# What to work on
Set down the lines that begin at the top of the records and end with the line containing "目前,备受推崇的时间管理策略", and drop every picture.

Data records
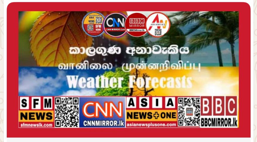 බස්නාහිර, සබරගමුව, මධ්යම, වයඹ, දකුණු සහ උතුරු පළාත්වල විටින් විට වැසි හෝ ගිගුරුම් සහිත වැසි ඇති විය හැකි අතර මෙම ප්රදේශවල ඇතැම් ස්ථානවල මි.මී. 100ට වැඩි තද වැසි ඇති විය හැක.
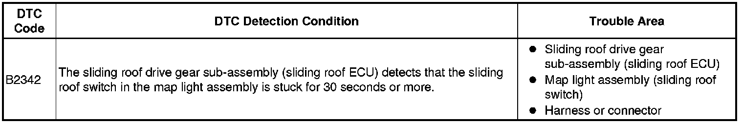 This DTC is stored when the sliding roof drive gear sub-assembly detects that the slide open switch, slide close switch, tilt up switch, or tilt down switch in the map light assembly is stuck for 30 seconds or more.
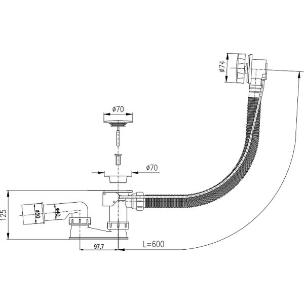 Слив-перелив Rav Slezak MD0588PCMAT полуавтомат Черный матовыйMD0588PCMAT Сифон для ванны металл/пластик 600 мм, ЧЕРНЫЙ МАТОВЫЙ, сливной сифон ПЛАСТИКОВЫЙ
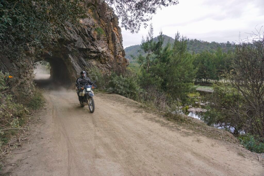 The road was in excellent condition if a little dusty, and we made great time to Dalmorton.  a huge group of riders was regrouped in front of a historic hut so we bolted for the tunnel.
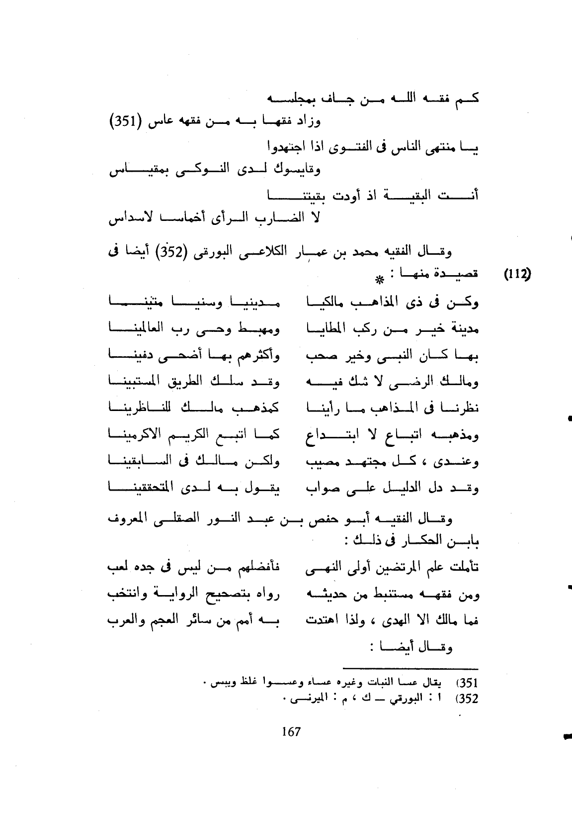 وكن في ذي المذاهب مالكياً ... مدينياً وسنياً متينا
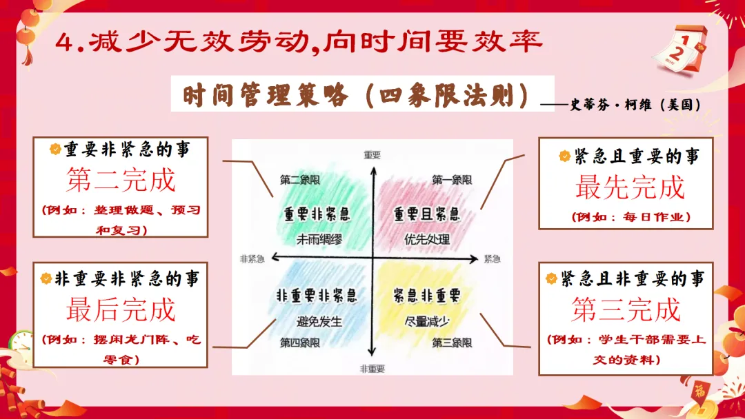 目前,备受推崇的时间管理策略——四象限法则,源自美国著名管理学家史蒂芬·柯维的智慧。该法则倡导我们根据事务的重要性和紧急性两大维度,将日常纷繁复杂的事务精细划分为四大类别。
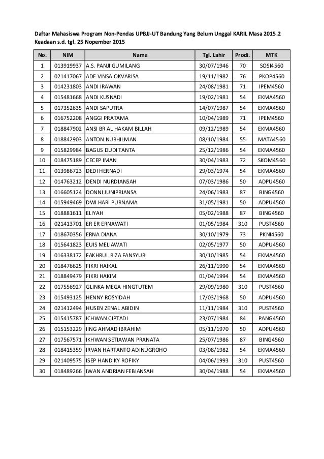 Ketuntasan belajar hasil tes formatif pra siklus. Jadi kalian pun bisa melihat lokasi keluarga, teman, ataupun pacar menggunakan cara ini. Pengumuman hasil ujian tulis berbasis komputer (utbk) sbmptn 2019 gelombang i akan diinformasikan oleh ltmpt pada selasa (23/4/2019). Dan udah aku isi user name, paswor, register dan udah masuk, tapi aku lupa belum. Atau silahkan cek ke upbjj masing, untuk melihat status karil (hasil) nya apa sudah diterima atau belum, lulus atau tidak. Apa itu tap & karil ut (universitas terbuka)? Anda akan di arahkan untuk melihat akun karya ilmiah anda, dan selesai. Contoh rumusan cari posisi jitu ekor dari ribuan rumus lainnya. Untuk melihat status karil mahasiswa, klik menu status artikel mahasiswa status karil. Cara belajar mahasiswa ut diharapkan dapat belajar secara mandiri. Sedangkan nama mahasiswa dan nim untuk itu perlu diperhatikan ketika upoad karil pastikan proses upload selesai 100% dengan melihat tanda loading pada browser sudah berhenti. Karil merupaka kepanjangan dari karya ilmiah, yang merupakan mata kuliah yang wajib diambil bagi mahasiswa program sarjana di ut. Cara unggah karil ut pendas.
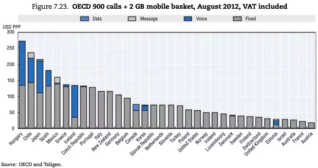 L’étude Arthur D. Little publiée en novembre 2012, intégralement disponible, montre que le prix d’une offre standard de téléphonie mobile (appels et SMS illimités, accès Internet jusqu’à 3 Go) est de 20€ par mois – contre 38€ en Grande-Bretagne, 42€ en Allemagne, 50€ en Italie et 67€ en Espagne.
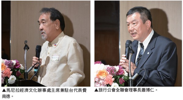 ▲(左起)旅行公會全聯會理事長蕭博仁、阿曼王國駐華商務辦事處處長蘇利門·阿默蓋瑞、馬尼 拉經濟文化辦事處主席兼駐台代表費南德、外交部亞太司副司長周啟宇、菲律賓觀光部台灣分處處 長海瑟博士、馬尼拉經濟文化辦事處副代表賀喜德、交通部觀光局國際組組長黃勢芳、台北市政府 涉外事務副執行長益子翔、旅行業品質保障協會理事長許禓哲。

# Output for this exercise
 බස්නාහිර, සබරගමුව, මධ්යම, වයඹ, දකුණු සහ උතුරු පළාත්වල විටින් විට වැසි හෝ ගිගුරුම් සහිත වැසි ඇති විය හැකි අතර මෙම ප්රදේශවල ඇතැම් ස්ථානවල මි.මී. 100ට වැඩි තද වැසි ඇති විය හැක.
 This DTC is stored when the sliding roof drive gear sub-assembly detects that the slide open switch, slide close switch, tilt up switch, or tilt down switch in the map light assembly is stuck for 30 seconds or more.
 Слив-перелив Rav Slezak MD0588PCMAT полуавтомат Черный матовыйMD0588PCMAT Сифон для ванны металл/пластик 600 мм, ЧЕРНЫЙ МАТОВЫЙ, сливной сифон ПЛАСТИКОВЫЙ
 The road was in excellent condition if a little dusty, and we made great time to Dalmorton.  a huge group of riders was regrouped in front of a historic hut so we bolted for the tunnel.
 وكن في ذي المذاهب مالكياً ... مدينياً وسنياً متينا
 目前,备受推崇的时间管理策略——四象限法则,源自美国著名管理学家史蒂芬·柯维的智慧。该法则倡导我们根据事务的重要性和紧急性两大维度,将日常纷繁复杂的事务精细划分为四大类别。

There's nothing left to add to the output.